Contratos para exploração do 4G foram assinados ontem

10x algo ruim = a algo dez vezes pior?
A manchete do site TERRA traduz bem o que representa a implantação do 4G no Brasil, uma nova exploração por parte das telefônicas. É claro que o sistema 4G é um grande avanço para as telecomunicações, mas a pergunta que está na boca do povo é: vai funcionar?
As operadoras vencedoras do leilão do 4G, são as operadoras de telefonia já conhecidas por todos os brasileiros, as mesmas que operam com ineficiência e valores absurdos no setor.
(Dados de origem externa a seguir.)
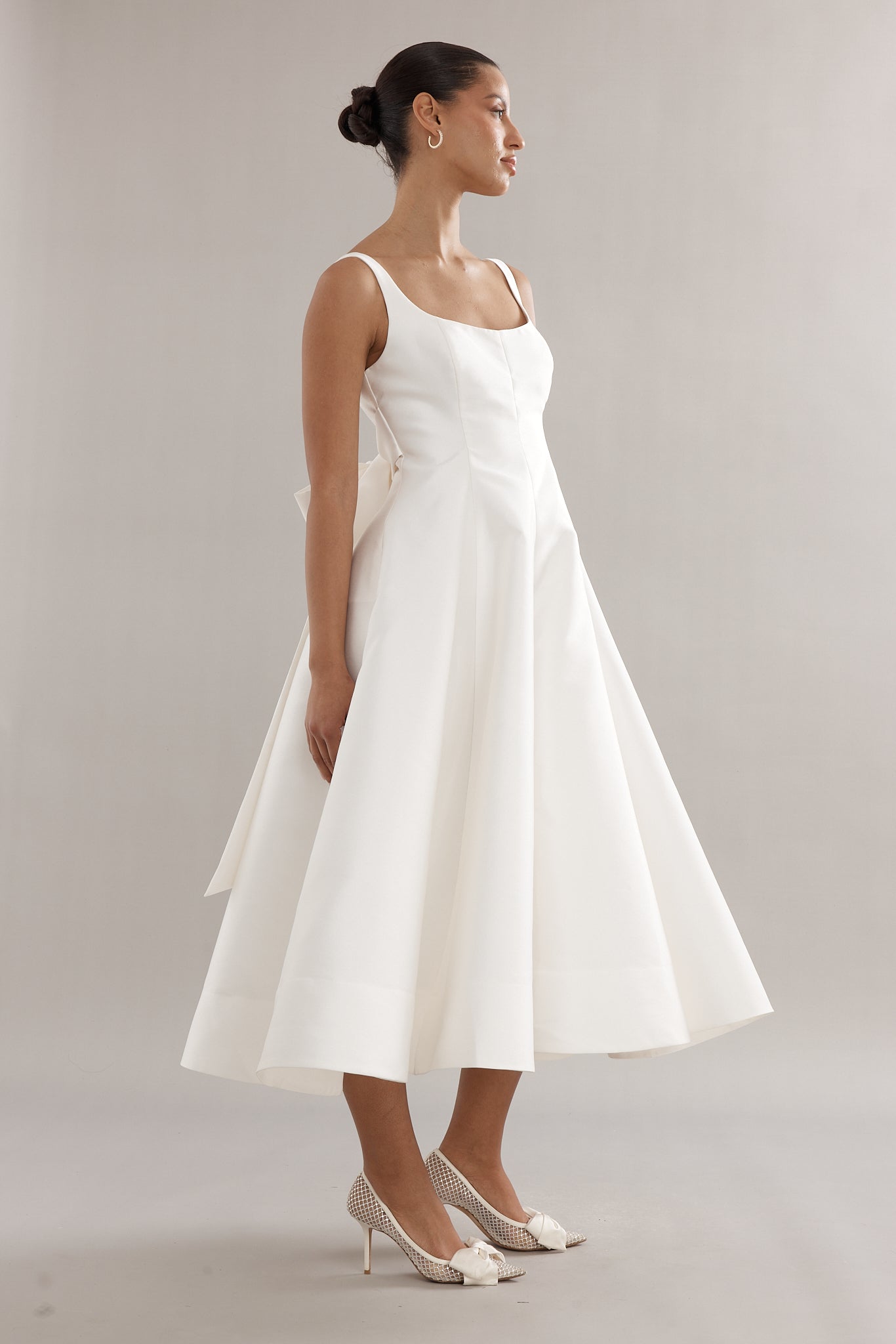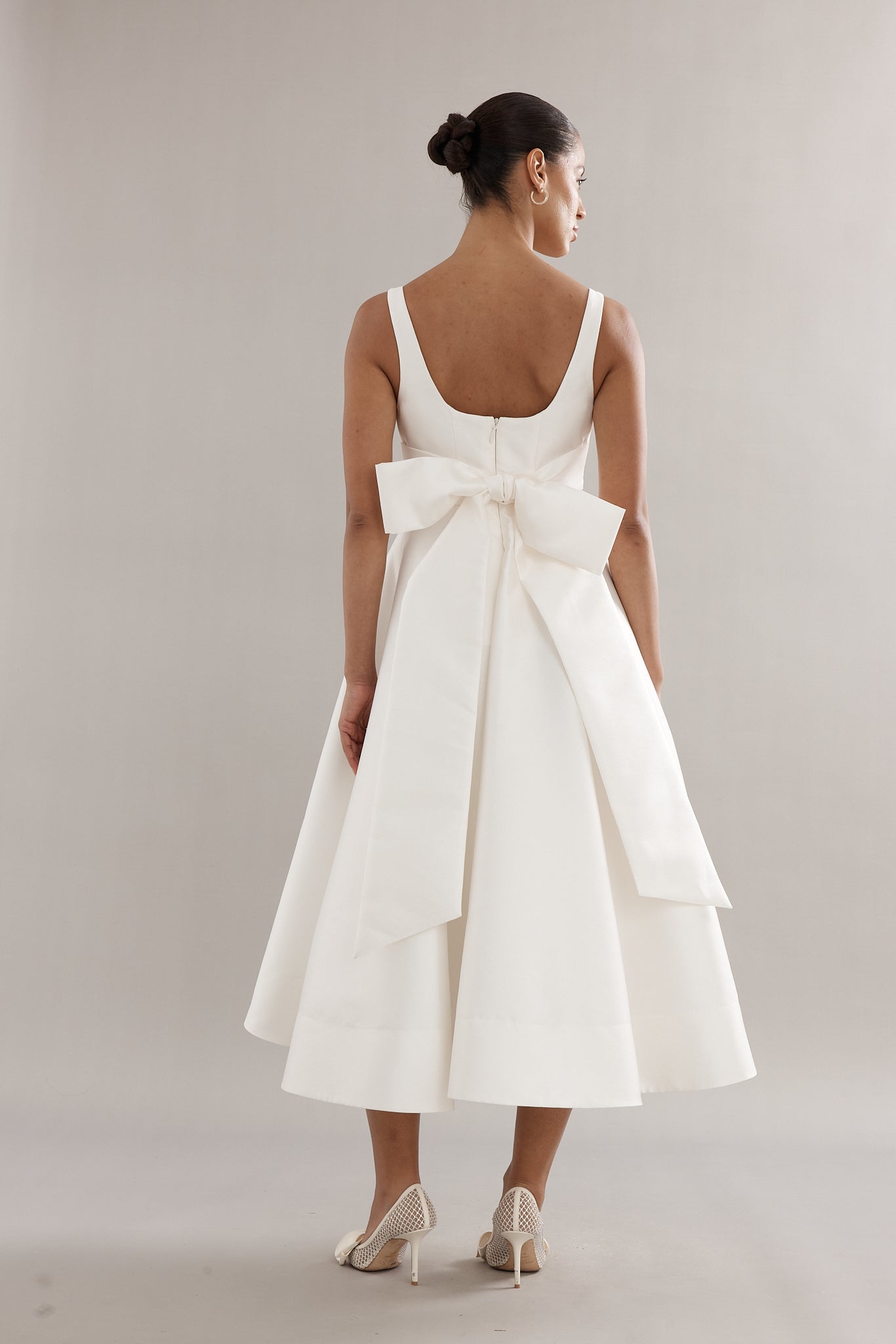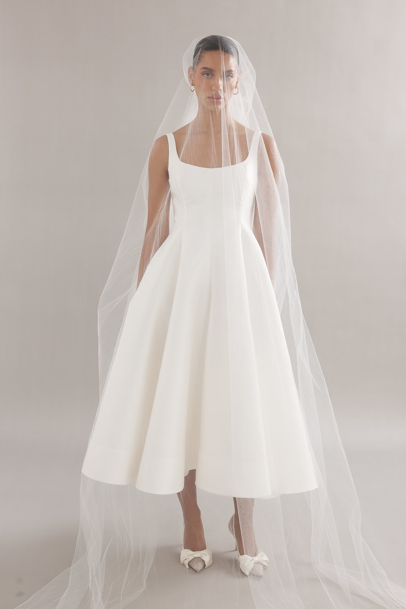 The Clementine is a structured mid-length gown that captures both sophistication and charm. With a flattering square neckline, wide straps, and a full A-line skirt, it offers a refined silhouette that feels both classic and contemporary.

Já que a Anatel impediu que empresas Americanas, Japonesas e da União Européia participassem da licitação, nós, consumidores, temos que nos conformar com o que nos é oferecido.

Operadoras assinam contratos para exploração do 4G no País
As operadoras vencedoras do leilão do 4G assinaram nesta terça-feira os termos de autorização para explorar a quarta geração de telefonia no Brasil junto à Agência Nacional de Telecomunicações (Anatel). A tecnologia promete aumentar em 10 vezes a velocidade de conexão, se comparada com a atual tecnologia 3G.
O cronograma definido pela Anatel no edital de licitação da quarta geração, o 4G deve estar funcionando nas cidades-sede da Copa das Confederações em abril de 2013 e até dezembro do ano que vem nas cidades-sede da Copa do Mundo. Alguma operadoras, porém, já vêm realizando testes em algumas cidades, segundo o Sindicato Nacional das Empresas de Telefonia e do Serviço Móvel Celular e Pessoal (SindiTelebrasil).
As empresas assinaram também um termo de compromisso para intensificar o compartilhamento de infraestrutura do 4G. Segundo o SindiTeleBrasil, a oferta da nova tecnologia vai exigir a ampliação da rede, já que a tecnologia usada para a prestação do 4G exigirá um número pelo menos três vezes maior de antenas que o atual serviço de terceira geração (3G).

fonte: TERRA

Setor de Telefonia evita falar sobre desoneração de impostos e afirmam ter tarifas mais baixas do mundo

Em Seminário de Telecomunicações, organizado pela Fiesp, Diretor da Tim fala que “Os tributos representam 50% da conta de telefonia. Isso inibe a massificação, afinal temos uma das tarifas mais baixas do mundo”
e acreditem, nem vermelho ele ficou. Lógicamente a platéia reagiu de forma negativa a esta afirmação.
Secretário de Telecomunicação do Ministério das telecomunicações, reconheceu que o país tem tarifação altíssima e disse que governo pretende incluir acesso à banda larga no Bolsa Família.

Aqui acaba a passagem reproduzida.